Open liluo2 opened 2 months ago
Thanks for your interest!! For context, PDEArena used a (very) old version of the shallow-water model (v0.2.1) that was still quite experimental, and I do not recommend using that data as it does not represent physically sensible initial conditions see #377 - we were not consulted in the creation of this data set. See examples in our documentation for better defined problems. SpeedyWeather's shallow water model can be used to simulate a variety of problems. Quasi-linear gravity waves, planetary waves like Kelvin/Rossby, but also 2D turbulence meaning chaos, mixing and a strong dependence on intitial conditions, or forced problems converging to some climatology superimposed by internal variability. Depending on what you want to simulate I'd carefully choose a model setup. Let me know what you want to do and I'm happy to figure out with you a model setup that simulates what you want to use for training.
div
is the divergence of the velocity field, i.e. $\nabla \cdot \mathbf{u}$, see here https://speedyweather.github.io/SpeedyWeather.jl/dev/shallowwater/#Shallow-water-equations, vorticity and divergence are the prognostic variables in SpeedyWeather, not velocities $u, v$ which are derived from vorticity divergence, see also https://speedyweather.github.io/SpeedyWeather.jl/dev/barotropic/#Barotropic-vorticity-equation
You'd need to dig deep in this repository to find out what we used in v0.2.1, as I said that was a much more experimental version. Nowadays we just use NaN for the _FillValue
, i.e. for Float32 output (default) it's 0x7fc00000
. I don't know where the number that you mention comes from. In general there are no masked values in SpeedyWeather output as our fields are defined everywhere on the globe, not like ocean models need to deal with continents. So generally you should be able to just ignore the fill/missing values and treat the data as is.

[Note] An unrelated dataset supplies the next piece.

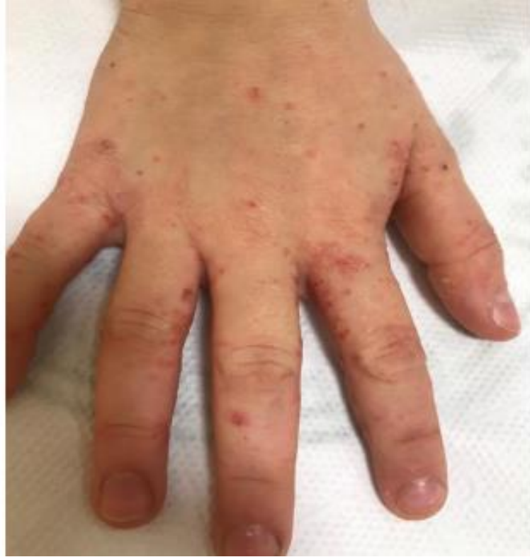
Şekil 2.4. Parmak araları ve el dorsallerinde görülen ekskoriye papüller.

Yetişkin hastalarda genellikle sırtın orta hattı, yüz ve saçlı deri etkilenmezken; bebeklerde bu bölgelerde de tutulum görülebilir.

The issue you provided is a good starting point, but also to point you to the mass conservation in the documentation: https://speedyweather.github.io/SpeedyWeather.jl/dev/analysis/#Mass-conservation and #323, #400. It depends a little bit on what you mean by "verification", in #372 you see how one could recalculate both sides of the continuity equation from simluation output. In general you get a higher accuracy of that verification if you calculate things as close as possible to how it's done internally, which is described here https://speedyweather.github.io/SpeedyWeather.jl/dev/shallowwater/#Algorithm. In short, we calculate $\mathbf{u}h$ in grid-point space, transform to spectral space, take the divergence, use this as tendency for the prognostic variable $\eta$ which is solved using a leapfrog time integration with RAW filter (see https://speedyweather.github.io/SpeedyWeather.jl/dev/barotropic/#leapfrog)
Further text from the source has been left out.